▸ Assignment
Pictures are to be left out, and the rest of the records reproduced exactly.

Records from a data collection:
*-*-*
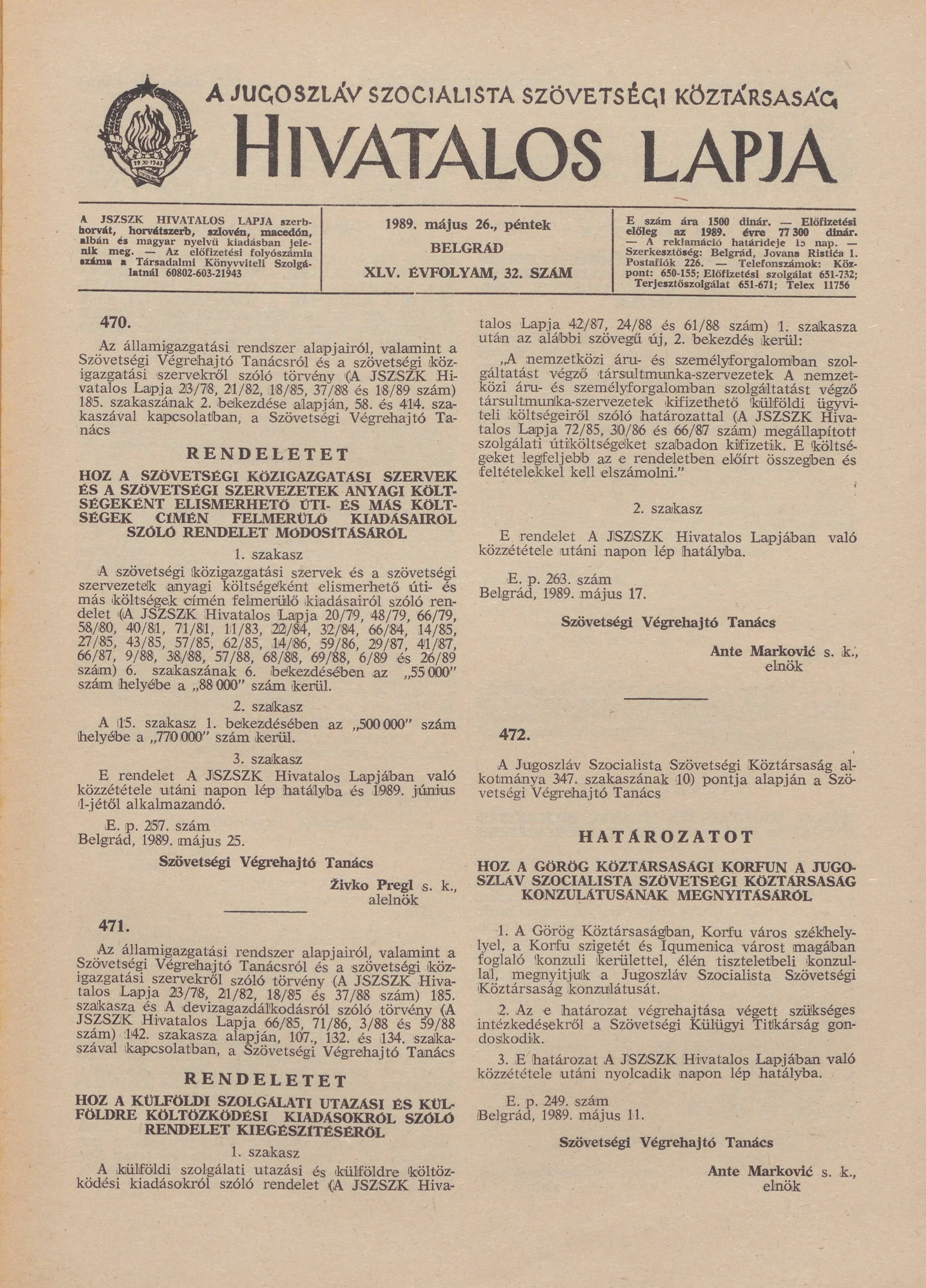 A Jugoszláv Szocialista Szövetségi Köztársaság Hivatalos Lapja, 45. évf. 1989. május 26. 32. sz. 805–820. oldal
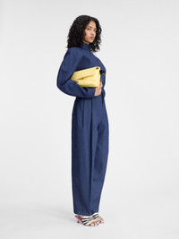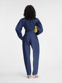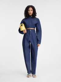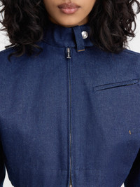 LA CASA Cropped denim moto jacket - Cropped, round fit - Raw indigo denim - Stand collar with ajustable stud fasteners - Contrast stitching - Double zip closure - Rounded sleeves - Zipped chest pocket - Back yoke - “J” locker loop - Adjustable belt on the back with metal buckle - Adjustable snap button cuffs - Silver metal hardware - Fully lined The model is 178cm and wears a size 34 100% Cotton Made in Italy Ref. 243DE052-1513-380
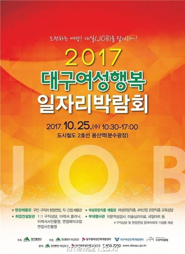 대구시는 지역에 거주하는 미취업 여성들에게 취․창업 기회를 제공하기 위해 오는 25일(수) 오전 10시 30분부터 오후 5시까지 도시철도2호선 용산역(분수광장)에서『2017대구여성 행복일자리 박람회』를 개최한다.
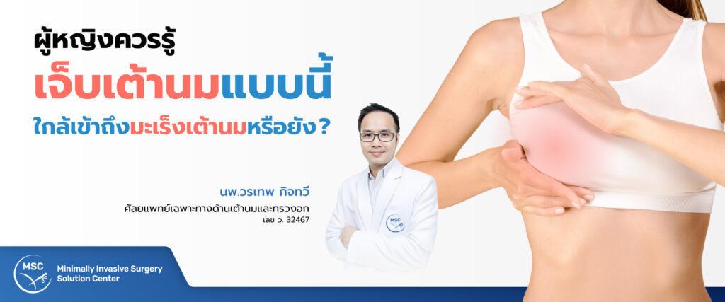อาการเจ็บเต้านม อาจทำให้หลายคนตกใจและสงสัยว่า “นี่คือสัญญาณของมะเร็งเต้านมหรือเปล่า ?” ความจริงคือ อาการเจ็บเต้านมไม่ได้หมายความว่าคุณเป็นมะเร็งเสมอไป สาเหตุที่พบบ่อยอาจมาจากประจำเดือน ฮอร์โมน หรือการบาดเจ็บอื่น ๆ แต่หากมีอาการเจ็บปวดที่ผิดปกติและเรื้อรัง รวมถึงสัญญาณอื่น ๆ ที่น่าสงสัย ควรปรึกษาแพทย์เพื่อตรวจวินิจฉัยอย่างละเอียด เพราะอาจเป็นสัญญาณเริ่มต้นของโรคที่ร้ายแรงอย่าง “มะเร็งเต้านม” ซึ่งเป็นหนึ่งในโรคที่คร่าชีวิตหญิงไทยมากที่สุดในแต่ละปีได้
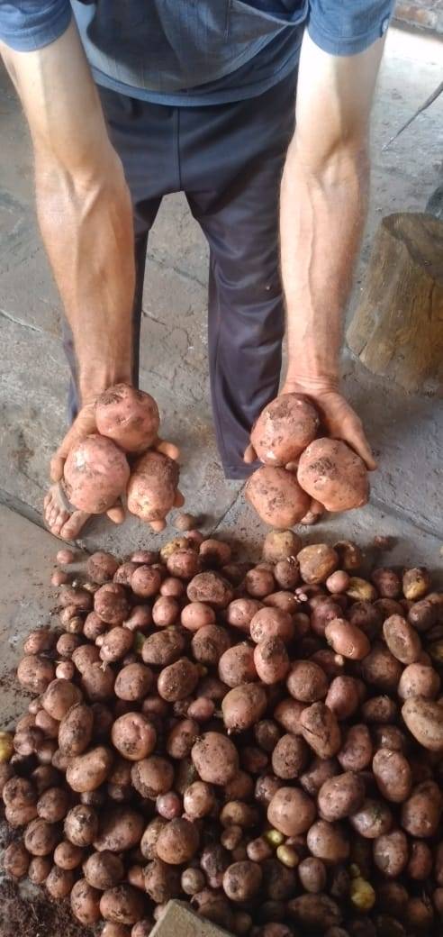 Na propriedade de João e Rosana Dillenburg, na Linha São José, a colheita da batatinha está em andamento e apenas dos 25 kg da Variedade Rosa-Maçã plantados já foram colhidos 225 kg.
*-*-*
▸ Problem solution
 A Jugoszláv Szocialista Szövetségi Köztársaság Hivatalos Lapja, 45. évf. 1989. május 26. 32. sz. 805–820. oldal
 LA CASA Cropped denim moto jacket - Cropped, round fit - Raw indigo denim - Stand collar with ajustable stud fasteners - Contrast stitching - Double zip closure - Rounded sleeves - Zipped chest pocket - Back yoke - “J” locker loop - Adjustable belt on the back with metal buckle - Adjustable snap button cuffs - Silver metal hardware - Fully lined The model is 178cm and wears a size 34 100% Cotton Made in Italy Ref. 243DE052-1513-380
 대구시는 지역에 거주하는 미취업 여성들에게 취․창업 기회를 제공하기 위해 오는 25일(수) 오전 10시 30분부터 오후 5시까지 도시철도2호선 용산역(분수광장)에서『2017대구여성 행복일자리 박람회』를 개최한다.
อาการเจ็บเต้านม อาจทำให้หลายคนตกใจและสงสัยว่า “นี่คือสัญญาณของมะเร็งเต้านมหรือเปล่า ?” ความจริงคือ อาการเจ็บเต้านมไม่ได้หมายความว่าคุณเป็นมะเร็งเสมอไป สาเหตุที่พบบ่อยอาจมาจากประจำเดือน ฮอร์โมน หรือการบาดเจ็บอื่น ๆ แต่หากมีอาการเจ็บปวดที่ผิดปกติและเรื้อรัง รวมถึงสัญญาณอื่น ๆ ที่น่าสงสัย ควรปรึกษาแพทย์เพื่อตรวจวินิจฉัยอย่างละเอียด เพราะอาจเป็นสัญญาณเริ่มต้นของโรคที่ร้ายแรงอย่าง “มะเร็งเต้านม” ซึ่งเป็นหนึ่งในโรคที่คร่าชีวิตหญิงไทยมากที่สุดในแต่ละปีได้
 Na propriedade de João e Rosana Dillenburg, na Linha São José, a colheita da batatinha está em andamento e apenas dos 25 kg da Variedade Rosa-Maçã plantados já foram colhidos 225 kg.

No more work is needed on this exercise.